The War on Nature

Mexican wolf. Photo: Jeffrey St. Clair.

Ancient Greeks, Persians, Egyptians, Mesopotamians, Chinese and Indians respected or worshipped several gods. Those gods were usually forces of nature, which opened the mind, eyes and hearts of human beings to the mysteries, beauty and truth of the natural world.

The vast human majorities of the ancient world were peasant farmers and shepherds who cultivated the land and raised food and tended animals.

The winds, rains and the snow, the trees, the different plants and grasses growing for their sheep and goats and cattle, were not abstractions but real manifestations of nature affecting them daily and giving them clues about life and their own fortunes. They noticed the different birds living near them and flying to the water of the creeks, lakes and rivers, according to the seasons. And soon they figured the appropriate time of the year, season, for growing wheat and caring for the olive trees for the life-saving olive oil and grape vines for their sweet wine.

Ancient people tried to make sense of the gigantic forces of the natural world. They looked at the sky and saw countless stars lighting the evening heavens. They were dazzled and sometimes frightened by these flickering bodies in the sky so far away from them. They usually associated these slowly moving stars with gods who influenced their lives.

People saw the gigantic Sun “rising” in the East and “setting” in the West. They noticed the Moon was close to the Earth and, in fact, moved around the Earth, linking it to their monthly calendar.

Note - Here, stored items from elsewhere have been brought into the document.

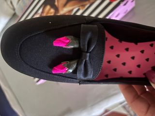 Zapatos de mujer de colección con un diseño único. - Detalle de lazo. - Adornos florales en la punta. - Interior con estampado de corazones.
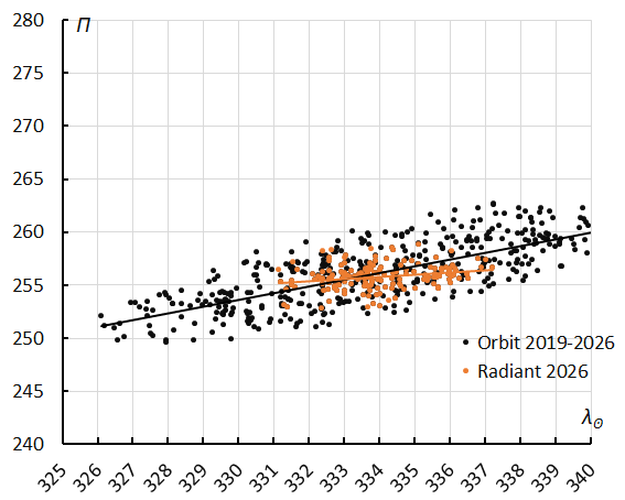 Figure 19 – The evolution of the Longitude of perihelion Π in function of the Solar Longitude λʘ for the M2026-D1 based upon orbits (2019–2026) and radiant classification (2026).
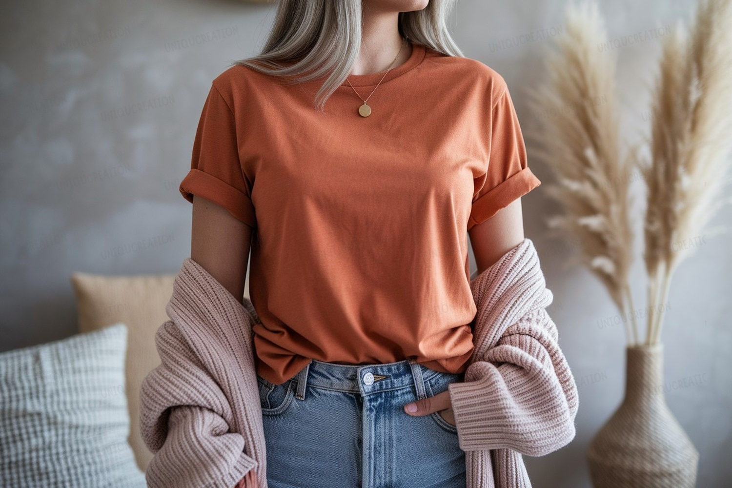 Fashion Shirt Clothing Casual Mockup Orange Jeans Denim T Cardigan
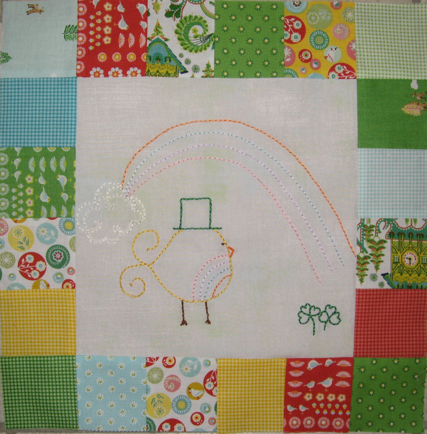 I modified the Birdie Stitches block 3 just a bit. I couldn’t help but add some shamrocks and a leprechaun hat to the bird.

The priests of the gods were students of nature. They often gave meaning to phenomena difficult to comprehend like rain, snow, lightning and thunder. The priests explained and familiarized nature to those celebrating the gods. They made them confident that humans and other animals and the natural world were related and lived in the same world.

The Earth, the Greek philosopher Plato said, was the oldest of the gods, remaining motionless right at the center of the cosmos. All stars, including the Sun god Helios, moved around the Earth. Another natural philosopher, Aristarchos of Samos, challenged the geocentric view of the cosmos, saying in the third century BCE that the Earth and the stars move around the Sun. However, this Heliocentric Theory all but disappeared until, in the sixteenth century, the Polish monk-astronomer Nicolaus Copernicus resurrected it.

The Sun ripened the crops and brought light and life to the world. This was a god of gods related to Apollo, god of light, music and prophesy.

The Greeks of the island of Rhodes worshipped Helios for millennia. A sculptor of Rhodes in the third century BCE created the Colossus of Rhodes, a giant statue of the Sun god Helios over the island’s harbor.

Greeks set up festivals celebrating the Olympian gods: the wheat and agriculture goddess, Demeter; the wine, theater, and rural culture god, Dionysos; the god of volcanoes and metallurgy, Hephaistos; the goddess of wisdom, craftsmanship and the olive tree, Athena; the god of climate and the sky, Zeus, father of the gods; the goddess of love holding the cosmos and humans together, Aphrodite; the god of the seas, Poseidon; the goddess of wild animals and the natural world, Artemis; the god of domestic animals, Pan; the god of honeybees and rural life, Aristaios; and the god of light, forecasting and reading the future, Apollo.

These divine models inspired the Greeks to love the natural world and overcome their limitations, just as other ancient people sought inspiration from their own gods. The vision was to study the natural world and learn how to live better lives.

In the fourth century BCE, the Greek natural philosopher Aristotle showed why humans and the natural world share the same fortunes.

He credited the fifth century BCE natural philosopher Anaxagoras with the discovery that the light of the Moon comes from the Sun god Helios. He observed that in a lunar eclipse the Earth covers the Moon with a curved shadow. He concluded the Earth was a sphere.

Aristotle did his most important work on the history and life of animals. He studied some 500 marine and terrestrial animals and established the science of zoology. He urged us to care and love animals because, thought we are “political” animals, we live among them. Equally important, animals are the work of nature that does nothing in vain. In other words, Aristotle theorized, nature and the Earth and the cosmos are alive, immortal, and perfect.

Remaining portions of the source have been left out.